Stored records:
==================================================
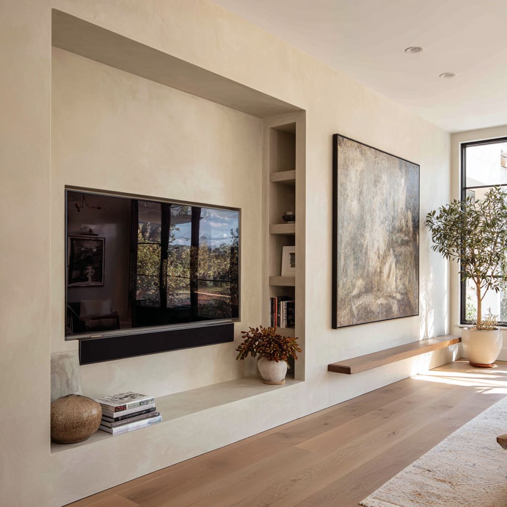 - The TV then reads like a temporary overlay, not the purpose of the wall.
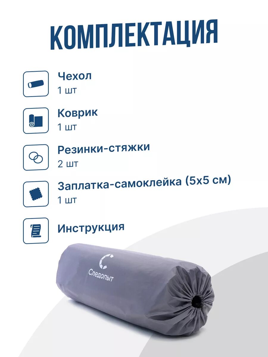 Коврик самонадувающийся "следопыт" 191x62x5 cм, стандарт, цв. синий/серый
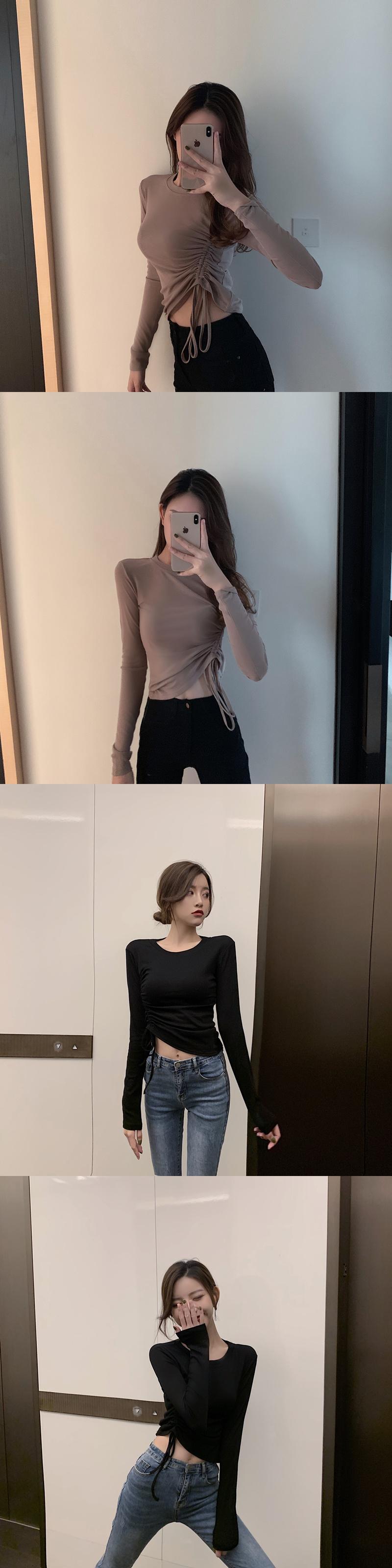 Tシャツ シャツ オータムスリムサイドギャザーラウンドネックトップス プルオーバー 秋物 Oネック ガールズファッション44676771772
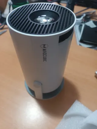 Proyector portátil Magcubic HY320 Mini en color negro y gris. - Diseño compacto y moderno. - Ideal para entretenimiento en casa o presentaciones. - Con imagen auto ajustable y buen sonido. - Interfaz android, con una buena y sencilla conexión bluetooth y acceso a multitud de aplicaciones (tiene AppStore). - Conexiones USB y HDMI. - Tiene entrada de rosca en la plataforma para poder colocarlo en un trípode u otro soporte. La causa de la venta es que me han regalado uno igual.
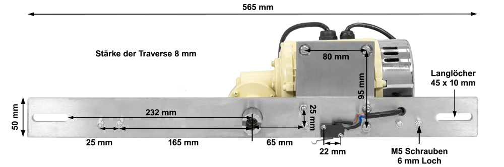 Robust repulsion motor 230 V / 110 W mounted on 8 mm thick stainless steel crossbar of 56.5 x 5 cm with lateral slotted holes
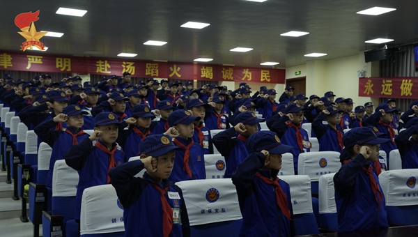 活動(dòng)現(xiàn)場(chǎng)舉行了莊嚴(yán)的授旗和宣誓儀式,在營(yíng)員代表的帶領(lǐng)下,90名“藍(lán)焰少年”高舉右拳宣誓,目光堅(jiān)定,彰顯了云嶺少先隊(duì)員投身實(shí)踐、錘煉品格的信心與決心。
==================================================
What needs to be done
Print the data again, word for word, without any pictures.

Answer to this task
 - The TV then reads like a temporary overlay, not the purpose of the wall.
 Коврик самонадувающийся "следопыт" 191x62x5 cм, стандарт, цв. синий/серый
 Tシャツ シャツ オータムスリムサイドギャザーラウンドネックトップス プルオーバー 秋物 Oネック ガールズファッション44676771772
 Proyector portátil Magcubic HY320 Mini en color negro y gris. - Diseño compacto y moderno. - Ideal para entretenimiento en casa o presentaciones. - Con imagen auto ajustable y buen sonido. - Interfaz android, con una buena y sencilla conexión bluetooth y acceso a multitud de aplicaciones (tiene AppStore). - Conexiones USB y HDMI. - Tiene entrada de rosca en la plataforma para poder colocarlo en un trípode u otro soporte. La causa de la venta es que me han regalado uno igual.
 Robust repulsion motor 230 V / 110 W mounted on 8 mm thick stainless steel crossbar of 56.5 x 5 cm with lateral slotted holes
 活動(dòng)現(xiàn)場(chǎng)舉行了莊嚴(yán)的授旗和宣誓儀式,在營(yíng)員代表的帶領(lǐng)下,90名“藍(lán)焰少年”高舉右拳宣誓,目光堅(jiān)定,彰顯了云嶺少先隊(duì)員投身實(shí)踐、錘煉品格的信心與決心。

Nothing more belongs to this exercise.